Data Block Start

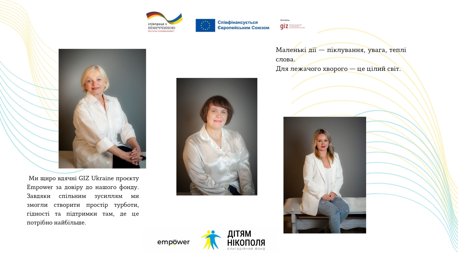 Ми щиро вдячні GIZ Ukraine проєкту Empower за довіру до нашого фонду. Завдяки спільним зусиллям ми змогли створити простір турботи, гідності та підтримки там, де це потрібно найбільше.
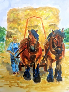 2025Hooiwagen met boer en trekpaarden
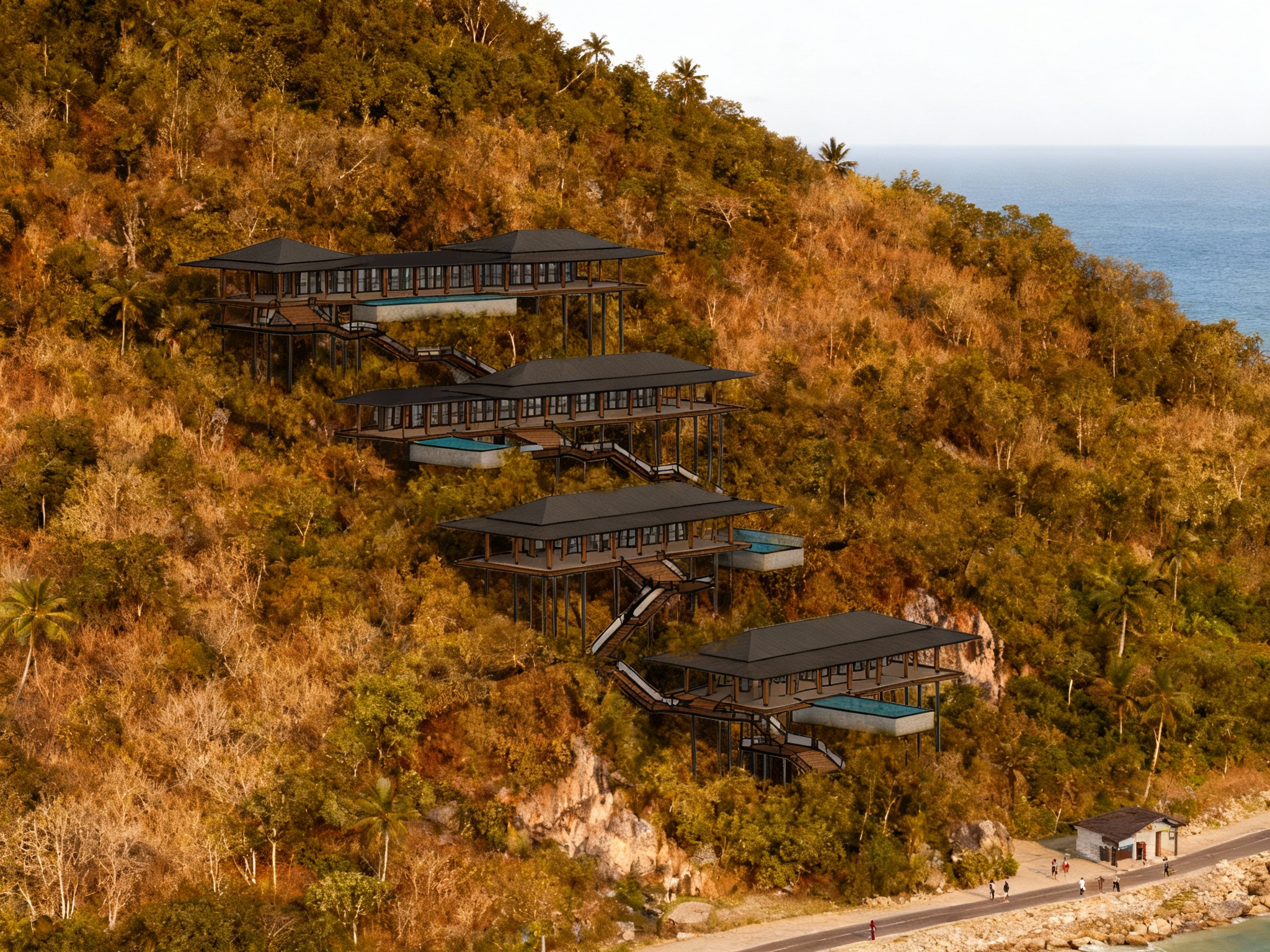 exterior shot sand beige walls and elevations anthracite or dark grey alouminum windows white solid colour backround of the photo architecture
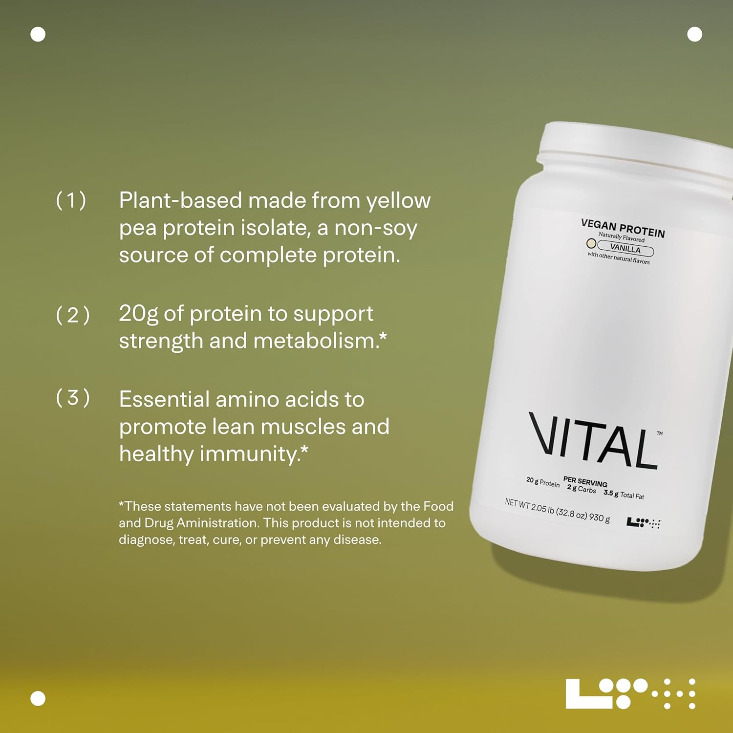 - Why You'll Love It: LTH Vital Vegan Protein is a plant-based powder made from pure yellow pea protein isolate, offering a non-soy source of complete protein; it has a creamy, easy-to-mix and low-allergen formulation without chalkiness or grit
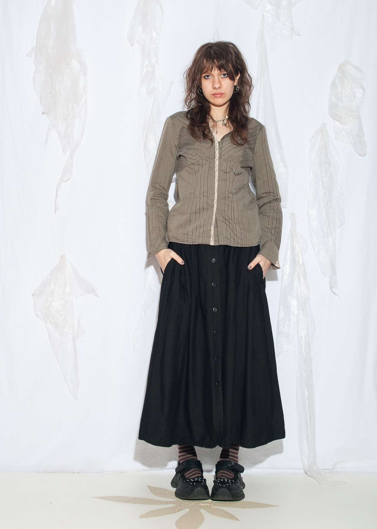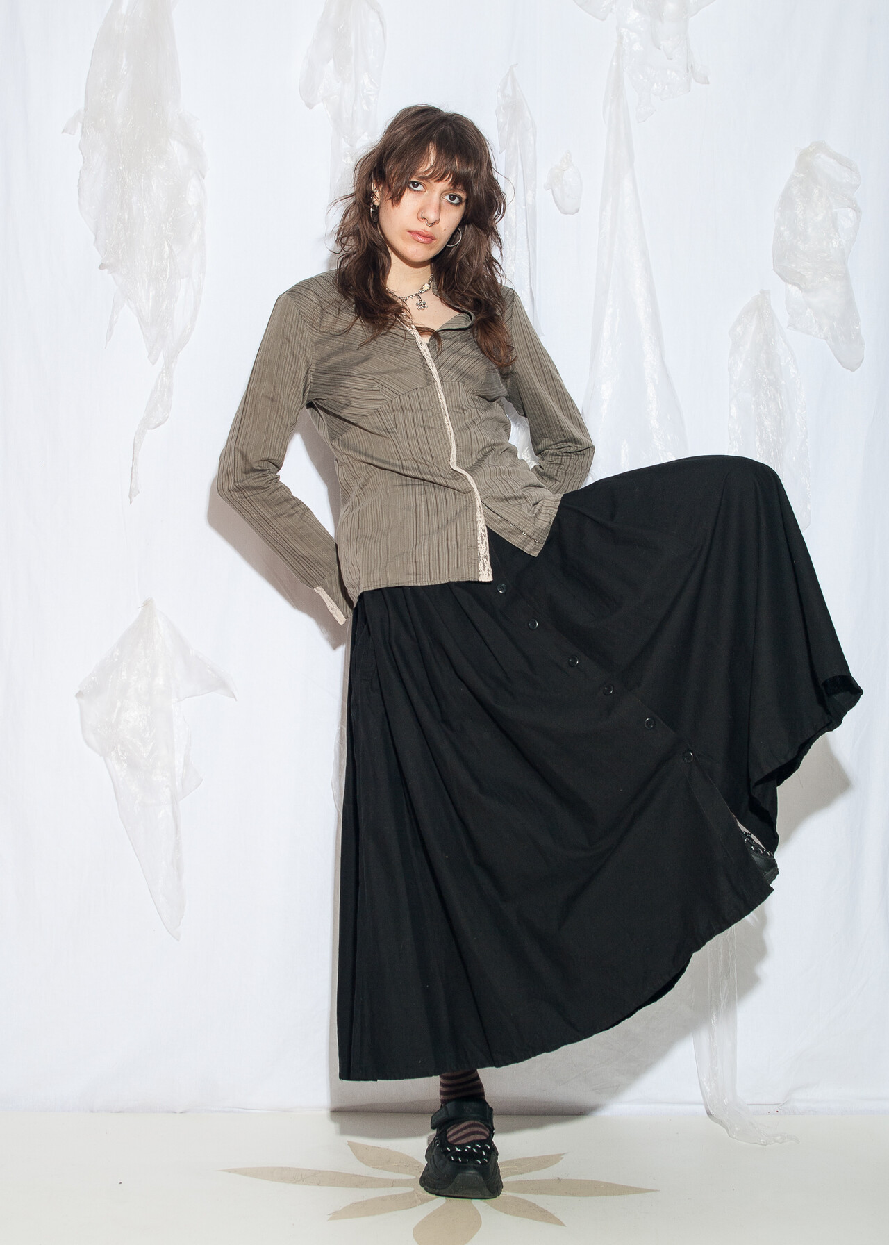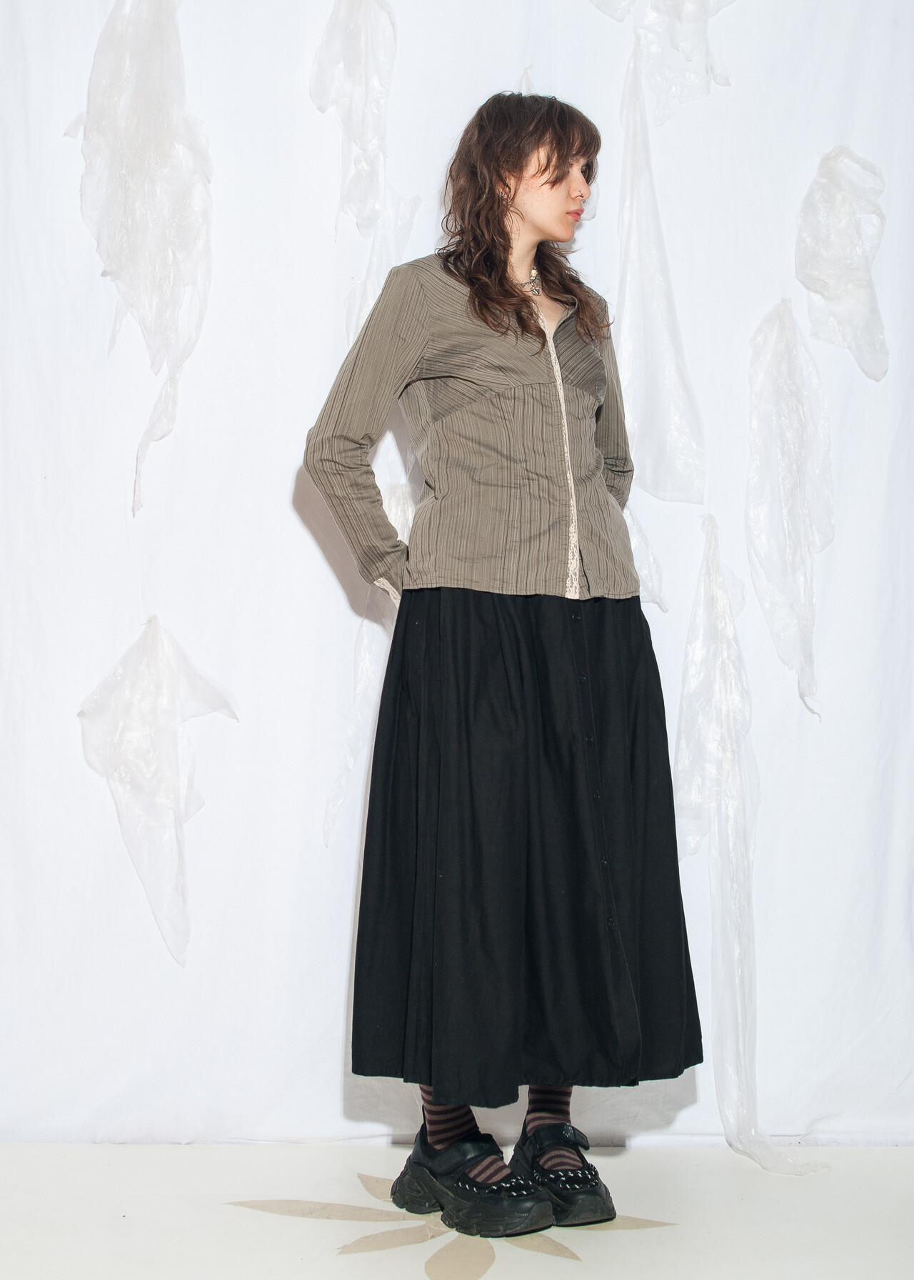 Tags: 2000s style fashion, boho romantic, fitted blouse, slim fit top, standing collar, striped shirt, whimsigoth, y2k vintage clothing

Data Block End

**Task goal:**
Only the text of the records belongs in the answer; reproduce it verbatim, with no pictures.

**Solved exercise:**
 Ми щиро вдячні GIZ Ukraine проєкту Empower за довіру до нашого фонду. Завдяки спільним зусиллям ми змогли створити простір турботи, гідності та підтримки там, де це потрібно найбільше.
 2025Hooiwagen met boer en trekpaarden
 exterior shot sand beige walls and elevations anthracite or dark grey alouminum windows white solid colour backround of the photo architecture
 - Why You'll Love It: LTH Vital Vegan Protein is a plant-based powder made from pure yellow pea protein isolate, offering a non-soy source of complete protein; it has a creamy, easy-to-mix and low-allergen formulation without chalkiness or grit
 Tags: 2000s style fashion, boho romantic, fitted blouse, slim fit top, standing collar, striped shirt, whimsigoth, y2k vintage clothing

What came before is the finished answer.